The primary reason is the Model 70 receiver is about 2.5 times as stiff
as its nearest competitor for a box magazine action.  If they werent, they
would not have the unequalled track record of winning matches and setting
records in highppower competition since 1937.  Besides, its reliability
and ease of maintenance has yet to be equalled for similar actions.

Regarding the Model 70 stiff receiver, some tests are in progress that will
provide real data on how much various receivers bend when subjected to
the same force.  Upon completition of tests and organizing data, it will
be published for all to see.

BB


From: bartb@hpfcla.fc.hp.com (Bart Bobbitt)
Subject: Re: Pillar bedding - how hard is it?
Organization: Hewlett-Packard Fort Collins Site

Pillar bedding seems to be the latest `in thing' regarding bolt guns.  It
is typically done in conjunction with epoxy bedding the receiver.

It consists of making two round tubes about 3 times the diameter of the
stock screw with a hole inside for the stock screw to fit in.  The length
of the tube, or `pillar,' is equal to the distance from the part of the
receiver the stock screws thread into to the part of the trigger guard or
floorplate at the top of it.  An example:

                __________________        Bottom of receiver
                   |  | |  |
                   |P | | P|              P = Pillar
                   |  |S|  |              S = Stock screw
                   |  | |  |
                ------| |--------         Top of trigger guard/floorplate
                      ---
                     /
               stock screw

Pillars are made of aluminum or steel.  They are usually epoxied into the
stock.  Their ends are typically shaped to fit the receiver or trigger
guard, respectively.  Sometimes they are threaded or grooved on the outside
to provide a better hold in the stock.  A hole equal to their diameter
needs to be drilled in the stock centered on the stock screws.

Some folks think they are great.  Others think otherwise as the receiver is
held solidly at only two points atop the pillars and isn't held solidly
in the epoxy bedding around the receiver.  I think they are more widely
used in benchrest competition rifles.  In highpower competition rifles,
the pillar-bedded rifles haven't shot as good as the conventionaly bedded
ones as far as I've been able to detect and several others have noted.

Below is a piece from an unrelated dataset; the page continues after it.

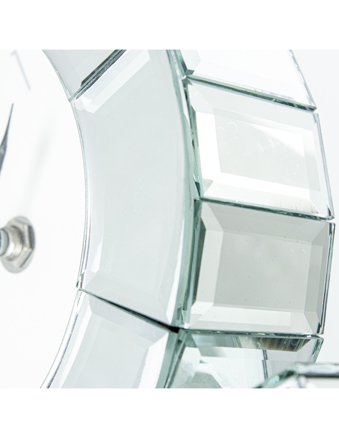 Este reloj de sobremesa con diseño de espejos es una pieza decorativa perfecta para aportar un toque moderno y sofisticado a cualquier estancia del hogar. Su acabado brillante refleja la luz y crea un efecto visual elegante que destaca dentro de la decoración.
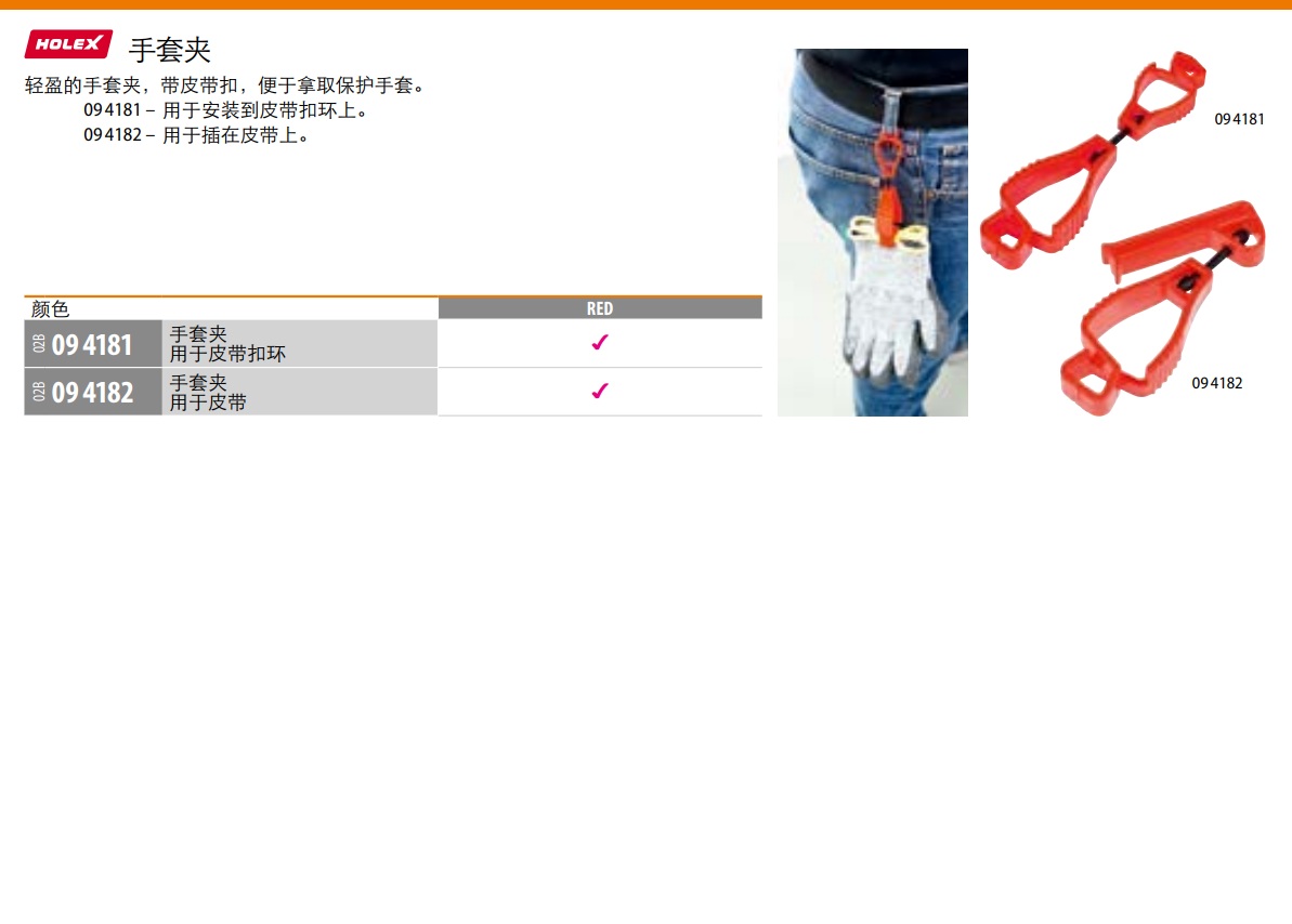 轻盈的手套夹,带皮带扣,便于拿取保护手套。

Pillar bedding is about fifth on the priority list of getting a rifle to
shoot accurately, in my opinion.

BB

From: bartb@hpfcla.fc.hp.com (Bart Bobbitt)
Subject: Re: Aluminum Bedding Blocks
Organization: Hewlett-Packard Fort Collins Site

S.J. Orth (den.mmc.com) wrote regarding Remington bedding blocks:

: Why couldn't they just put in pillars?

Pillar bedding requires quite a bit of time.  That's something that costs
the factory money and would no doubt be cause to increase the price.  They
could conventionally epoxy bed the receiver for about half the cost anyway.

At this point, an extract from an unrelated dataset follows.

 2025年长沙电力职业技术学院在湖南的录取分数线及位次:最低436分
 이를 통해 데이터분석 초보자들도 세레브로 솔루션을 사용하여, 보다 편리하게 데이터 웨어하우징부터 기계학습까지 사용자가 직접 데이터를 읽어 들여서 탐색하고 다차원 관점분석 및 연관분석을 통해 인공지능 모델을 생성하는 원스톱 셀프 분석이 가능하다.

But pillar bedding has not proved itself worthy of the best accuracy
anyway.  I'm not sure who first did it, but having seen hundreds of rifles
so bedded and shot in competition, they perform no better than conventional
bedding.

A conventionally bedded receiver has full pressure contact on all parts
pulled downward by the stock screws.  It solidly rests in a near vise-like
grip by the stock.  It therefore is in exactly the same place from shot
to shot.  If the stock compresses somewhat over time (typically only a
very few thousandths of an inch) the same pressure points will remain
in place.  If the stock shrinks a tad in cold, or exapands a tad in warm,
weather that is, the relative uniformity of full-contact bedding stays
intact.

A pillar bedded receiver is held in place by only two points; one at the
top of the front and back pillar.  The theory is those two points are
all that's needed.  And the stock won't compress from pressure caused by
stock screws, nor effect receiver contact pressure due to thermal
expansion or contraction.  And all this is probably true.

My point is, pillar bedding does not consistantly produce better accuracy
than conventional bedding.  If it did, then pillar bedded ones would most
often produce the best highpower scores.  Benchrest rifles may very
well shoot better pillar bedded, but remember they are mild-recoiling jobs
that don't put much stress at all on a receiver or stock in the first
place.  When the cartridge's boiler room starts burning over 40 grains of
powder in 3 milliseconds, the energy imparted is at higher levels; some of
it goes into the stock's bedding and bends the receiver in a vertical axis.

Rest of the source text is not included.